Ein Zentrum für gesundes Sehen

Heike Eppelmann: Augenwelten und
Gesundheitszentrum für Contactlinsen und Optometrie

Nach meinem Abschluss zur Augenoptikermeisterin arbeitete ich mehrere Jahre in unterschiedlichen Bereichen der Augenoptik. 2006 wechselte ich in die Selbstständigkeit und eröffnete das erste Geschäft Augenwelten in Falkensee Finkenkrug. 2015 konnte ich das Augenoptikergeschäft von Familie Brandt und das Gesundheitszentrum für Contactlinsen und Optometrie in der Bahnhofstraße übernehmen. Inzwischen arbeiten an beiden Standorten 13 Mitarbeiter.

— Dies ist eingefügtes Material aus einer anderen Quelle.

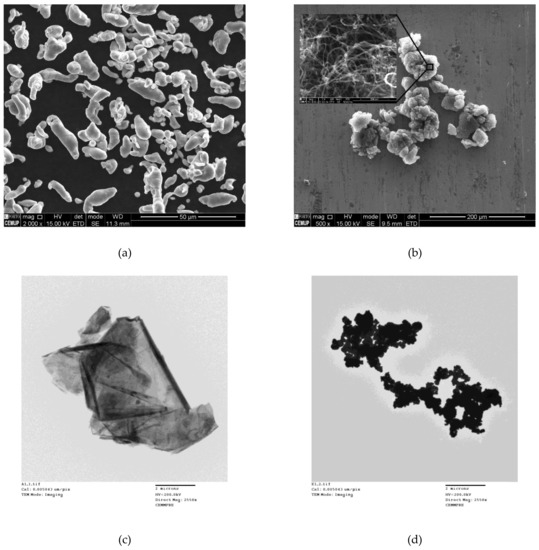 The Al powder was supplied by Alfa Aesar with a purity of 99.8 wt. % and with 0.1 wt. % Fe as the major impurity. The chemical composition was determined by a PANalytical X-ray Fluorescence spectrometer (PANalytical AXIOSmax, PANalytical B.V., Almelo, The Netherlands). This powder has a density of 2670 kg/m3, measured by a Helium pycnometer (micromeritics AccuPyc 1330, Micromeritics Instrument Corporation, Norcross, GA, USA). The Al powder characteristics such as powder morphology and particle size distribution (PSD) are presented in Figure 1a and Table 1, analyzed by SEM (FEI-Quanta 400 FEG equipment, FEI Company, Hillsboro, OR, USA), and a Malvern Laser scattering diffraction instrument (Mastersizer 3000, Malvern Instruments Limited, Worcestershire, UK), respectively. Pristine MWCNT was supplied by FIBERMAX composites, which are in large agglomerates (Figure 1b) and have an average external diameter of 23 ± 7 nm (measured by ImageJ, 1.51r, Wayne Rasband, National Institutes of Health, Bethesda, MD, USA). These nanotubes have a density of 2013 kg/m3. Graphene nanosheets (multilayer flakes with 98.5% purity) were supplied by Graphene Supermarket (Figure 1c), the WC (99.8% purity) by H.C. Starck Tungsten GmbH (Table 1 and Figure 1d), and the nanoalumina by Sigma Aldrich (Table 1). The TEM (FEI TECNAI G2 20 S-TWIN, FEI Company, Hillsboro, OR, USA) was used to observe the nanoreinforcements.

Mit unserer neu eingerichteten Werkstatt und dem von modernster Technik unterstützten Augenprüfraum, dem Kontaktlinsenstudio und dem breiten Spektrum an Hilfsmitteln für vergrößernde Sehhilfen, können wir eine ganzheitliche Betreuung anbieten.  Genauso wichtig wie die technischen und medizinischen Aspekte sind modische Belange. Bei uns vereint sich die Schönheit einer Brille mit traditionellem Handwerk und moderner Technologie. Qualität verpflichtet und das spricht sich herum!

 

INTERVIEW

„Ich bin ein kompromissloser Optimist!“

 

Sie ist die „Neue“ nach Gerhardt Brandt in der Bahnhofstraße im Zentrum Falkensees. Dabei feiert Heike Eppelmann (54) bereits dieses Jahr ihr 10-jähriges Geschäftsjubiläum in Falkensee. Wie passt das zusammen? Ein Besuch bei Frau Eppelmann.

 

Dienstag, der 10.5.16, 8:30 Uhr. Frau Eppelmann ist zum Interview-Termin überpünktlich. Sie nutzt die Ruhe vor dem Sturm in Ihrem Geschäft in der Bahnhofstraße 54. Ihre Zeit teilt sie unter Ihren zwei Filialen auf. Dienstags und Donnerstags ist sie in der Bahnhofstraße, die anderen Tage in der Finkenkruger Filiale.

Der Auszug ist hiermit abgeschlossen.